消費者保護法比較
消費者契約法における「説明義務」と特定商取引法に見られる「適合性の原則」の目的と機能について、最も正確な説明はどれか。
A.適合性の原則は金融商品取引法にのみ存在し、消費者契約法・特定商取引法には説明義務のみが規定されている。
✗ 適合性の原則は金融商品取引法のほか、特定商取引法の解釈においても重要な原則として機能しており、金融商品取引法のみに限定されるものではない。
B.説明義務は事業者が消費者に対して重要な事項を説明する義務であり、適合性の原則は消費者の知識・経験・財産状況に適した契約勧誘を求める原則である。← 正解
✓ 正解です。説明義務は重要事項を消費者に伝えることであり、適合性の原則は個々の消費者の属性(知識・経験・財産状況等)に応じた勧誘を求める点で、両者は異なる機能を持っている。

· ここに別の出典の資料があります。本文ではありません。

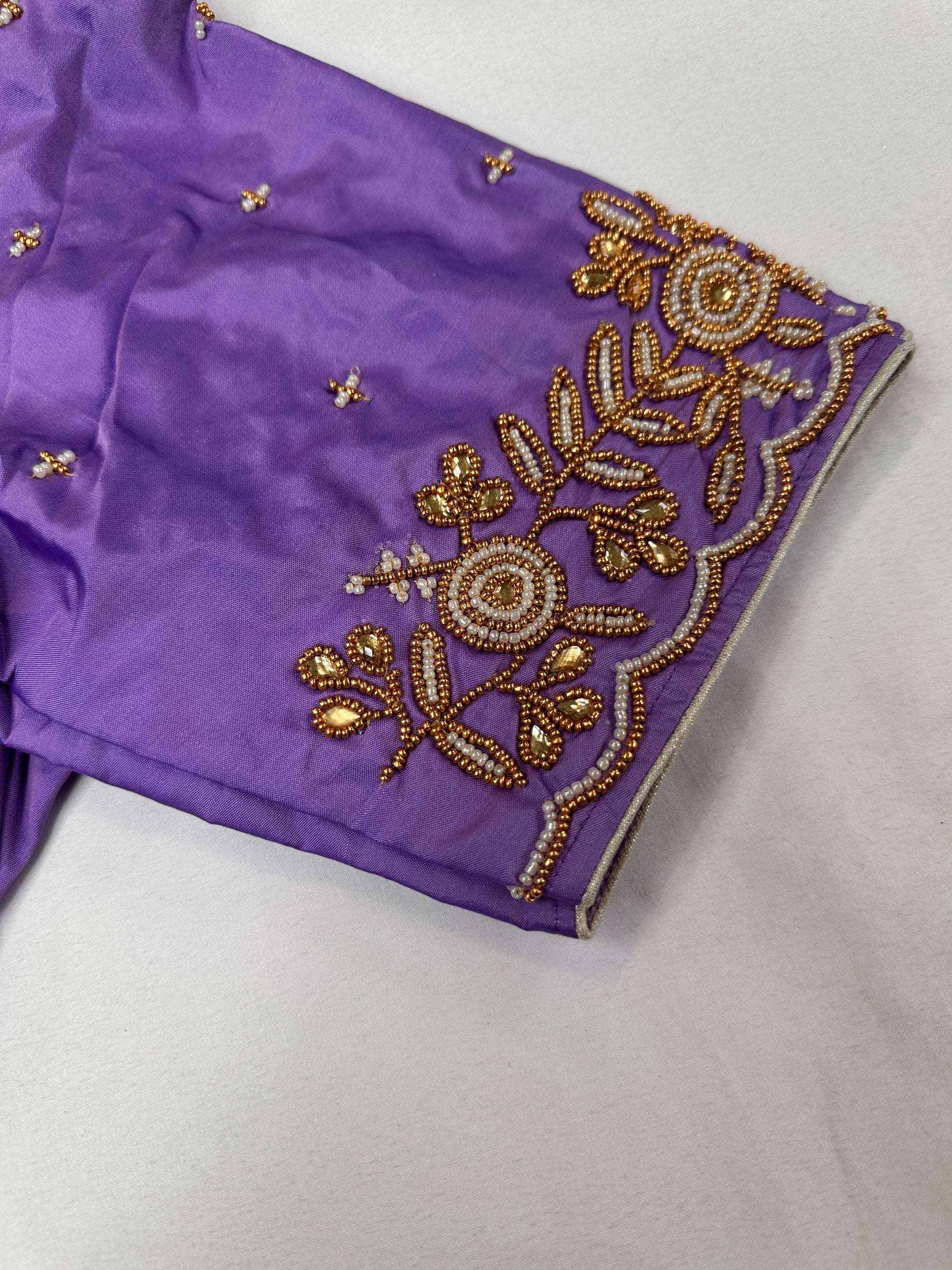Lavender Purple Pearl Maggam Aari Work Blouse

C.適合性の原則と説明義務は同じ概念であり、消費者保護法全般では両者を区別していない。
✗ 両者は異なる概念であり、説明義務は情報提供義務、適合性の原則は勧誘方法に関する規制として区別される。
D.説明義務は消費者契約全般に適用されるが、適合性の原則は訪問販売と電話勧誘販売にのみ適用される。

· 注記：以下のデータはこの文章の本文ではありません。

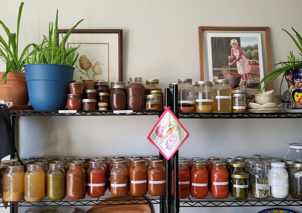 Gaby has been canning our tomatoes and preserving a lot of other things for years, but this summer she decided to try canning tomato juice. It’s more work than just making your own sauce because there’s blanching, peeling, crushing, and straining. The result, though, was nine quarts of salty garden goodness. I grew up drinking tomato juice straight from the Mason jar, so just seeing the deep red color sitting on our shelves sparks a whole nostalgic sensory experience for me. This is also one of the reasons I chose to make the sauce when I did during this project: I figured those of you reading along might have just canned your tomatoes, too, and even still have a few on the vines.

✗ 適合性の原則は訪問販売・電話勧誘販売に限定されず、消費者への勧誘全般において重要な役割を果たす原則である。
この問題のポイント
説明義務は重要事項を消費者に伝えることであり、適合性の原則は個々の消費者の属性(知識・経験・財産状況等)に応じた勧誘を求める点で、両者は異なる機能を持っている。